**TASK REQUIREMENTS**. The material below should be copied line for line, please, with pictures omitted.
--- DATASET SECTION Enclosed Below ---
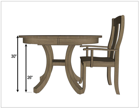The Carlisle Round Dining Table features a large bevel edge and folding, self-storing leaves. The solid wood table can be ordered with an optional 12" hinged leaf, folding in half for storage. Any wood and color of your choice can be ordered. For more details, contact a member of our team for more details.
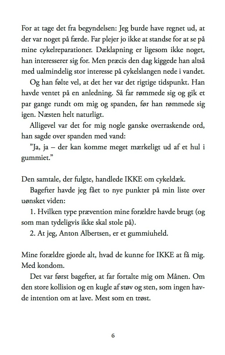12-årige Anton Albertsen finder ud af, at han i virkeligheden er et uheld – eller et hul i kondomet, som hans far formulerer det.
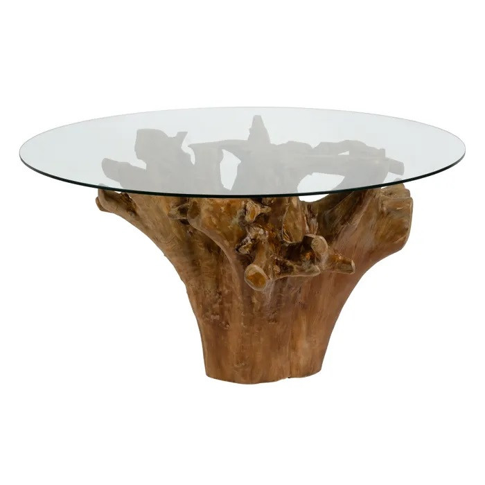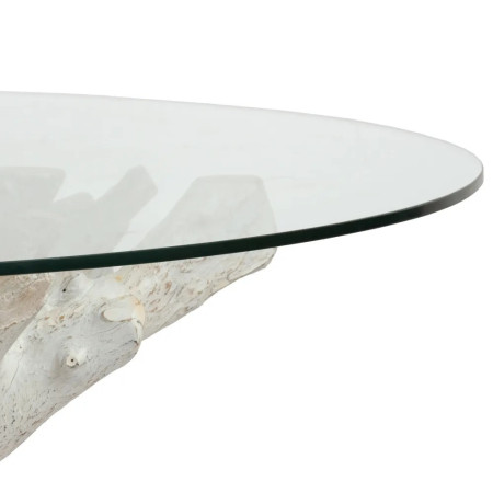 Grâce à son plateau rond en verre trempé, le piètement de cette magnifique table de repas est vraiment mis en valeur, que vous choisissiez le coloris blanchi ou la teinte naturelle du bois de teck. En effet, cette très belle table de repas au caractère fort apporte originalité à votre pièce de vie. Chaque table est unique de part son pied réalisé en racines de teck massif teinté ou blanchi.
--- End of Enclosed DATASET SECTION ---
**EXPECTED OUTPUT**.
The Carlisle Round Dining Table features a large bevel edge and folding, self-storing leaves. The solid wood table can be ordered with an optional 12" hinged leaf, folding in half for storage. Any wood and color of your choice can be ordered. For more details, contact a member of our team for more details.
12-årige Anton Albertsen finder ud af, at han i virkeligheden er et uheld – eller et hul i kondomet, som hans far formulerer det.
 Grâce à son plateau rond en verre trempé, le piètement de cette magnifique table de repas est vraiment mis en valeur, que vous choisissiez le coloris blanchi ou la teinte naturelle du bois de teck. En effet, cette très belle table de repas au caractère fort apporte originalité à votre pièce de vie. Chaque table est unique de part son pied réalisé en racines de teck massif teinté ou blanchi.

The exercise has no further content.